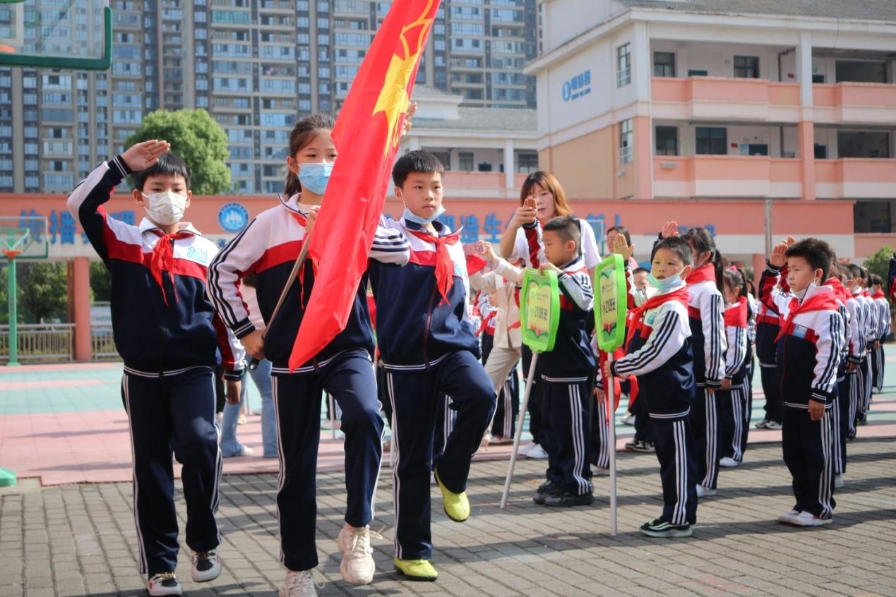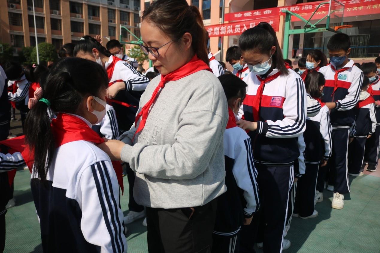 當日上午八點整,少先隊旗手踏著激昂地少先隊出旗曲,邁著整齊的步伐進入會場,隊旗飄揚,全體隊員和老師高唱《我們是共產主義接班人》,嘹亮的歌聲在會場回響,激蕩人心。大隊輔導員龍沛宣布新隊員名單,一年級來自20個班的300名學生正式成為光榮的中國少年先鋒隊隊員,六年級同學們為新隊員授紅領巾,當一條條象征著國旗一角的紅領巾在新隊員胸前飄起來時,孩子們的臉上洋溢著激動與自豪。大隊委員帶領新隊員在隊旗下莊嚴宣誓,新老隊員發言用稚嫩、鏗鏘的話語,表達了他們內心的自豪和為紅領巾增光添彩的決心。學校德育副校長夏宏國深情寄語新隊員,他希望新隊員們要志存高遠、信念堅定、勤奮學習、勇于創造、品德優良、向上向善。隨后,大隊輔導員龍沛帶領新隊員們呼號,在“時刻準備著”的呼號聲中,更堅定了他們的決心和行動,努力成長為擔當民族復興大任的時代新人,做共產主義事業的接班人。
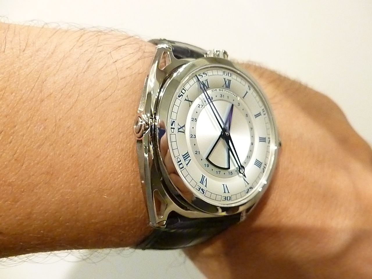 Aesthetically the DB27 Titan Hawk has a more classical façade than the majority of De-Bethune’s other models. Ultimately this should appeal to an audience with more traditional tastes. The microlight silver toned dial is understated and has a high quality appearance. A raised chapter ring displays Roman numeral hours and Arabic number minutes. I love the open worked blue steel hour/minutes hands and central date marker. Overall I feel the composition has been thoughtfully considered and executed to perfection.
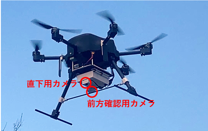 本ドローンは機上カメラを2基搭載しておりドローン直下及び前方を常時確認しながら飛行し、人や車、動物などを映像上で認識すると一時停止し、エリア外になるまで待機します。
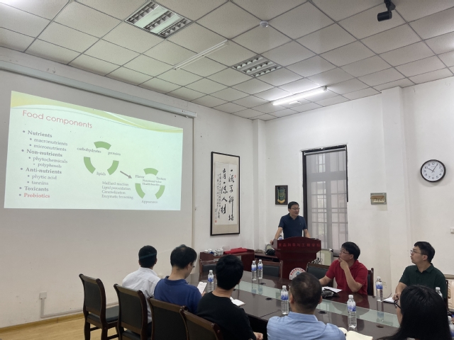 王明福教授从膳食多酚的营养健康功能及其构效关系、美拉德反应对食品品质与营养的影响机制、天然活性成分的应用与开发等方面做了介绍,报告紧密联系了食品营养健康领域等相关热门问题,引起了与会人员的积极讨论。
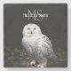 Animal portrait photograph of majestic snowy owl standing on a branch with a personalizable custom name monogram above.
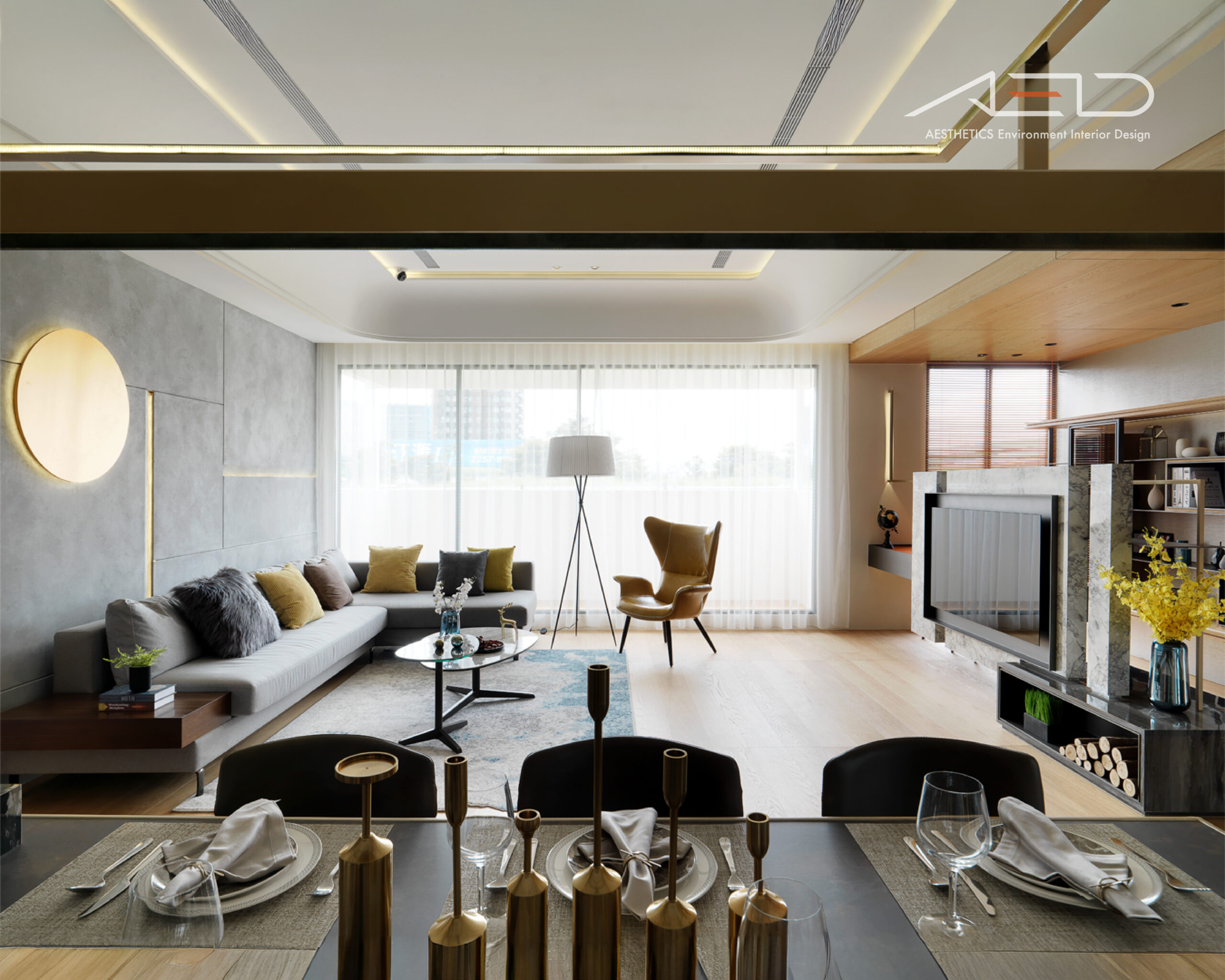 Inspired by the idea of three generations living in harmony—reunion and well-being—the designer subtly incorporates circular elements throughout the space. These forms symbolize unity, togetherness, and familial connection.
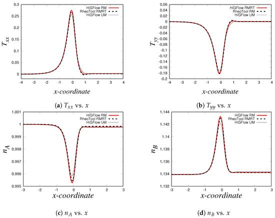 Planar–contraction 4:1 centreline axial profiles of the normal components of the elastic stress tensor ( and ) and the density numbers of the two species ( and ) of a VCM fluid. The results obtained in HiGFlow are the red solid line (refined mesh RM) and the dotted line (uniform mesh UM), while the predictions by RheoTool are represented by the dashed line curve (mesh RMRT).
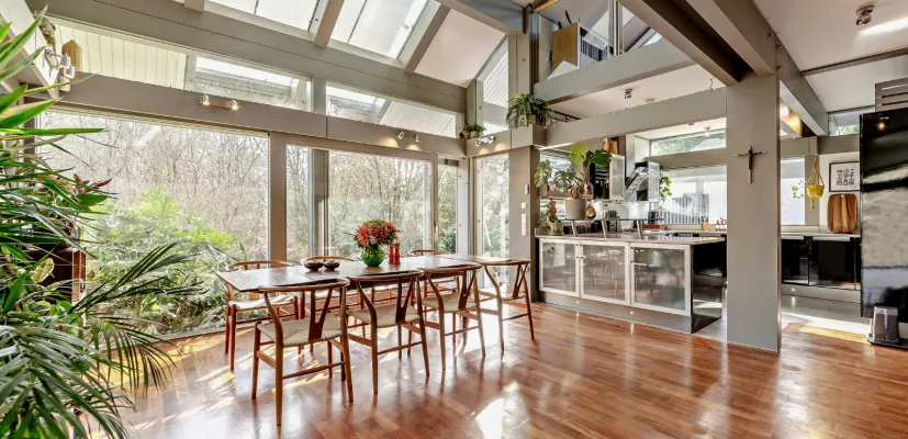 4 Treetops is part of a small gated development of only four properties. Built in 2007, this striking modern property features a post and beam structure that embraces open-plan living and offers a versatile layout perfect for contemporary lifestyles. The accommodation is arranged over three floors and is incredibly flexible in configuration. The home is flooded with natural light, courtesy of expansive windows that frame views of the garden and surrounding woodland. Cherrywood floors flow through the ground floor. Of particular note is the ground floor living space, which is open plan but with well defined areas. The kitchen, by Intoto, has been fitted with sleek units, granted worktops and integrated appliances, along with a glass breakfast bar, which seperates the kitchen from the dining space, here the impressive double height ceilings and expanse of glass drench the space with light, the room opens up into the sitting area, which has a feature woodburning stove. Sliding doors open this space into the covered balcony where there is a superb seating area from which to enjoy the view over the garden and woodland beyond. There is a further snug room which has sliding doors out onto a private terrace and an adjacent shower room which could be used as a further bedroom if required.
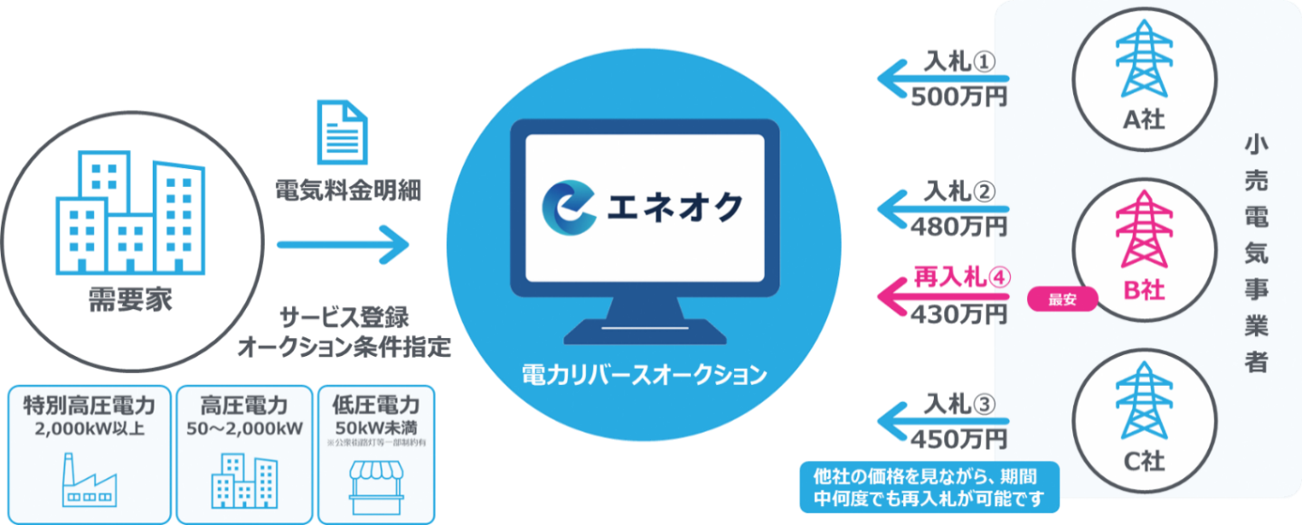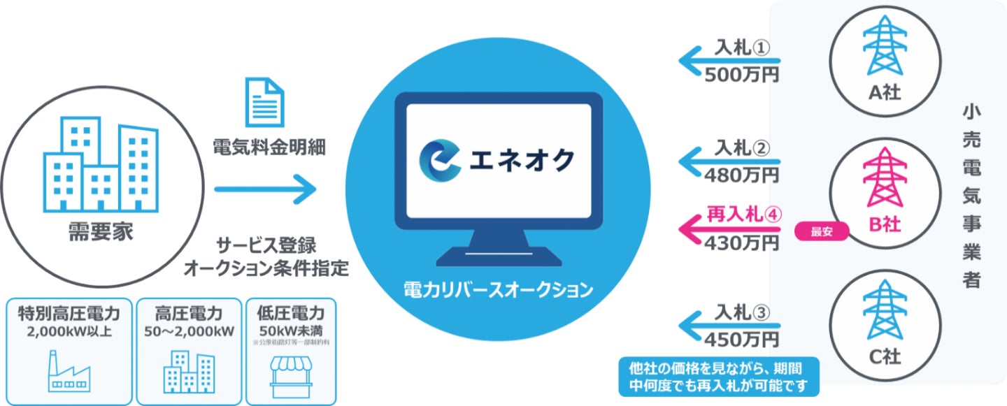 エナーバンクは、小売電気事業者が他社の入札価格が見える状態で、一定期間何度でも再入札が可能な競り下げ方式によるオークションを通じて需要家と小売電気事業者をマッチングするサービス「エネオク」を提供しています。
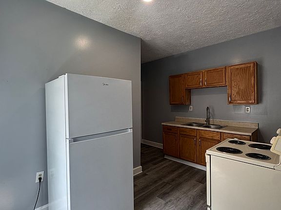 Kitchen includes electric stove, refrigerator, and wooden cabinets
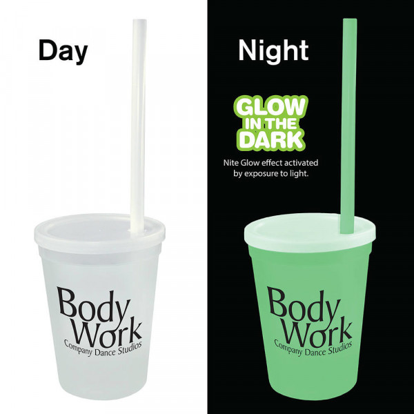 Light up your brand with the 12 oz. Nite Glow Stadium Cup Set, a fun and functional giveaway that glows in the dark after light exposure. Ideal for evening events, parties, or custom promotional campaigns, this eye-catching set includes a glow-in-the-dark cup and straw with a frosted lid, all ready to be decorated with your logo.
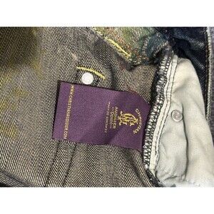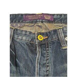 The Christian Audigier Ed Hardy Y2K Panther King Embroidered Jeans in size 36x32 are a stylish piece of men's clothing that combines a solid dark wash with intricate embroidered accents. Made of cotton denim in a regular fit, these vintage-inspired jeans feature a wide-leg style with a 5-pocket design and a button closure. The blue color and various themes such as nature, art, and hipster give these jeans a unique and edgy look, perfect for those who embrace a grunge or Gothic aesthetic. With a comfortable and distressed feel, these jeans are machine washable and suitable for all seasons.
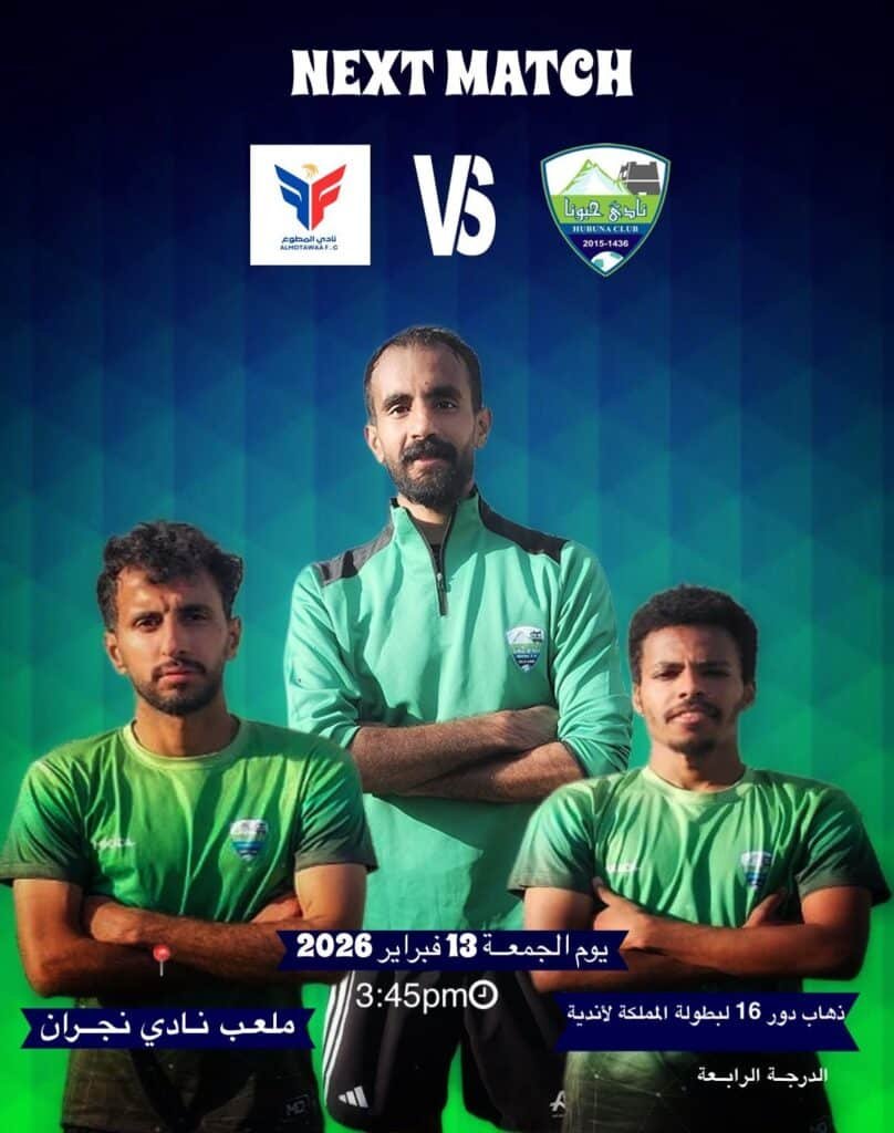 #المباراةالقادمة #حبونا 🆚 نادي المطوع 🗓️13 -فبراير – 2026 🕝3:45PM 🏟️ملعب نادي نجران كل التوفيق لأبطالنا… #بطولةالمملكة لأندية الدرجة4 #الدور_16 #ناديحبونا
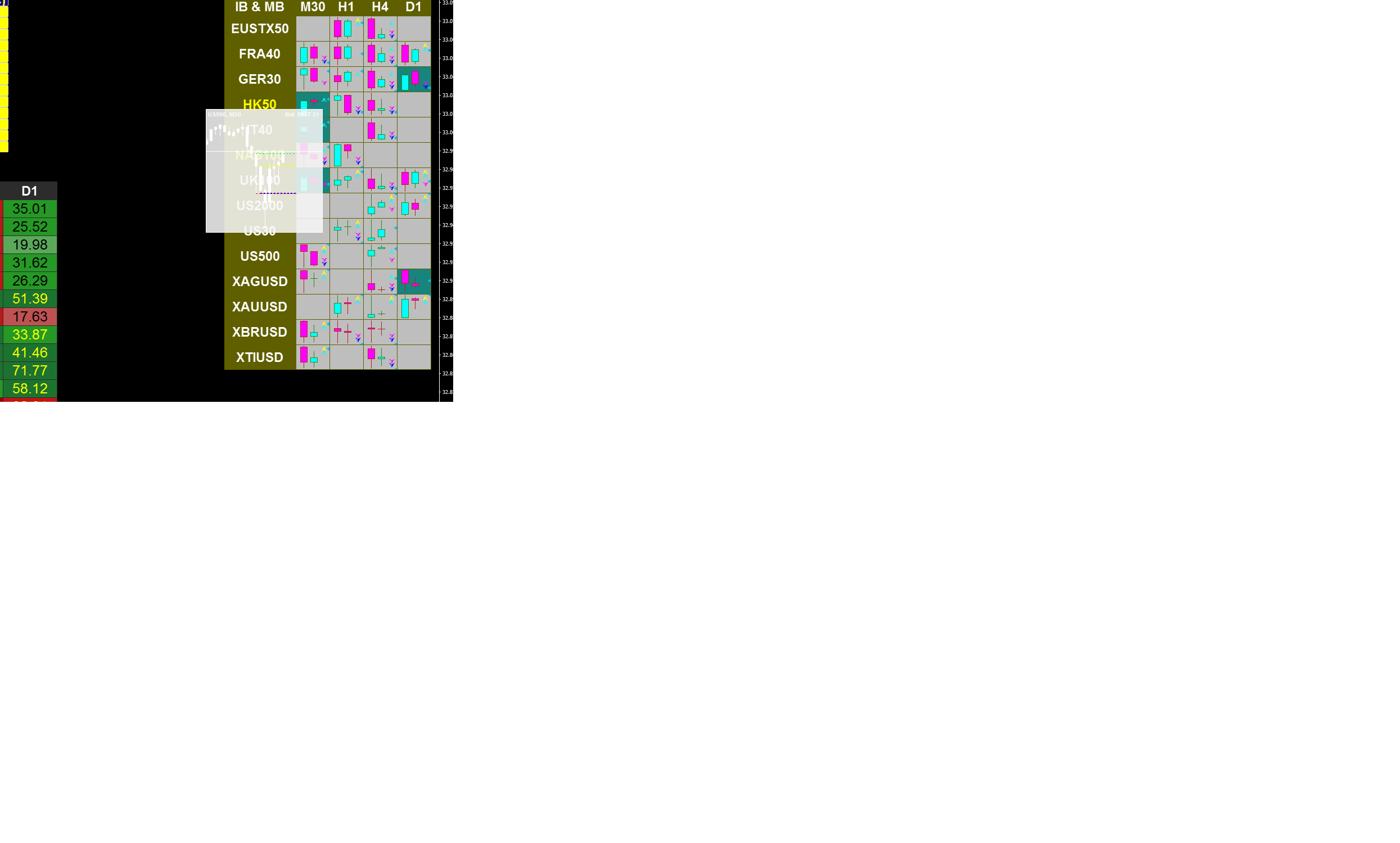 Turn on candles on the chart and they will appear in the pop-up chart of the indicator.For pop-up charts, the indicator takes colors from the main chart.
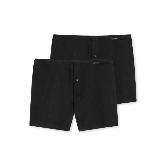 Bij deze twee boxershorts voor heren treffen een casual look en fijne single jersey uit 100 % katoen elkaar. De knoopsluiting met zichtbare knoop zet een functioneel detail, de elastische meernaaldband zorgt voor een hoog draagcomfort en vormvastheid gedurende de dag. Een mannelijk ondergoed-dubbelpack in zwart - natuurlijk in uitstekende SCHIESSER-kwaliteit!

----------

(REQUIREMENT): Return all of the material above unchanged, minus its pictures.

(ANSWER FOR THIS EXERCISE):
 當日上午八點整,少先隊旗手踏著激昂地少先隊出旗曲,邁著整齊的步伐進入會場,隊旗飄揚,全體隊員和老師高唱《我們是共產主義接班人》,嘹亮的歌聲在會場回響,激蕩人心。大隊輔導員龍沛宣布新隊員名單,一年級來自20個班的300名學生正式成為光榮的中國少年先鋒隊隊員,六年級同學們為新隊員授紅領巾,當一條條象征著國旗一角的紅領巾在新隊員胸前飄起來時,孩子們的臉上洋溢著激動與自豪。大隊委員帶領新隊員在隊旗下莊嚴宣誓,新老隊員發言用稚嫩、鏗鏘的話語,表達了他們內心的自豪和為紅領巾增光添彩的決心。學校德育副校長夏宏國深情寄語新隊員,他希望新隊員們要志存高遠、信念堅定、勤奮學習、勇于創造、品德優良、向上向善。隨后,大隊輔導員龍沛帶領新隊員們呼號,在“時刻準備著”的呼號聲中,更堅定了他們的決心和行動,努力成長為擔當民族復興大任的時代新人,做共產主義事業的接班人。
 Aesthetically the DB27 Titan Hawk has a more classical façade than the majority of De-Bethune’s other models. Ultimately this should appeal to an audience with more traditional tastes. The microlight silver toned dial is understated and has a high quality appearance. A raised chapter ring displays Roman numeral hours and Arabic number minutes. I love the open worked blue steel hour/minutes hands and central date marker. Overall I feel the composition has been thoughtfully considered and executed to perfection.
 本ドローンは機上カメラを2基搭載しておりドローン直下及び前方を常時確認しながら飛行し、人や車、動物などを映像上で認識すると一時停止し、エリア外になるまで待機します。
 王明福教授从膳食多酚的营养健康功能及其构效关系、美拉德反应对食品品质与营养的影响机制、天然活性成分的应用与开发等方面做了介绍,报告紧密联系了食品营养健康领域等相关热门问题,引起了与会人员的积极讨论。
 Animal portrait photograph of majestic snowy owl standing on a branch with a personalizable custom name monogram above.
 Inspired by the idea of three generations living in harmony—reunion and well-being—the designer subtly incorporates circular elements throughout the space. These forms symbolize unity, togetherness, and familial connection.
 Planar–contraction 4:1 centreline axial profiles of the normal components of the elastic stress tensor ( and ) and the density numbers of the two species ( and ) of a VCM fluid. The results obtained in HiGFlow are the red solid line (refined mesh RM) and the dotted line (uniform mesh UM), while the predictions by RheoTool are represented by the dashed line curve (mesh RMRT).
 4 Treetops is part of a small gated development of only four properties. Built in 2007, this striking modern property features a post and beam structure that embraces open-plan living and offers a versatile layout perfect for contemporary lifestyles. The accommodation is arranged over three floors and is incredibly flexible in configuration. The home is flooded with natural light, courtesy of expansive windows that frame views of the garden and surrounding woodland. Cherrywood floors flow through the ground floor. Of particular note is the ground floor living space, which is open plan but with well defined areas. The kitchen, by Intoto, has been fitted with sleek units, granted worktops and integrated appliances, along with a glass breakfast bar, which seperates the kitchen from the dining space, here the impressive double height ceilings and expanse of glass drench the space with light, the room opens up into the sitting area, which has a feature woodburning stove. Sliding doors open this space into the covered balcony where there is a superb seating area from which to enjoy the view over the garden and woodland beyond. There is a further snug room which has sliding doors out onto a private terrace and an adjacent shower room which could be used as a further bedroom if required.
 エナーバンクは、小売電気事業者が他社の入札価格が見える状態で、一定期間何度でも再入札が可能な競り下げ方式によるオークションを通じて需要家と小売電気事業者をマッチングするサービス「エネオク」を提供しています。
 Kitchen includes electric stove, refrigerator, and wooden cabinets
 Light up your brand with the 12 oz. Nite Glow Stadium Cup Set, a fun and functional giveaway that glows in the dark after light exposure. Ideal for evening events, parties, or custom promotional campaigns, this eye-catching set includes a glow-in-the-dark cup and straw with a frosted lid, all ready to be decorated with your logo.
 The Christian Audigier Ed Hardy Y2K Panther King Embroidered Jeans in size 36x32 are a stylish piece of men's clothing that combines a solid dark wash with intricate embroidered accents. Made of cotton denim in a regular fit, these vintage-inspired jeans feature a wide-leg style with a 5-pocket design and a button closure. The blue color and various themes such as nature, art, and hipster give these jeans a unique and edgy look, perfect for those who embrace a grunge or Gothic aesthetic. With a comfortable and distressed feel, these jeans are machine washable and suitable for all seasons.
 #المباراةالقادمة #حبونا 🆚 نادي المطوع 🗓️13 -فبراير – 2026 🕝3:45PM 🏟️ملعب نادي نجران كل التوفيق لأبطالنا… #بطولةالمملكة لأندية الدرجة4 #الدور_16 #ناديحبونا
 Turn on candles on the chart and they will appear in the pop-up chart of the indicator.For pop-up charts, the indicator takes colors from the main chart.
 Bij deze twee boxershorts voor heren treffen een casual look en fijne single jersey uit 100 % katoen elkaar. De knoopsluiting met zichtbare knoop zet een functioneel detail, de elastische meernaaldband zorgt voor een hoog draagcomfort en vormvastheid gedurende de dag. Een mannelijk ondergoed-dubbelpack in zwart - natuurlijk in uitstekende SCHIESSER-kwaliteit!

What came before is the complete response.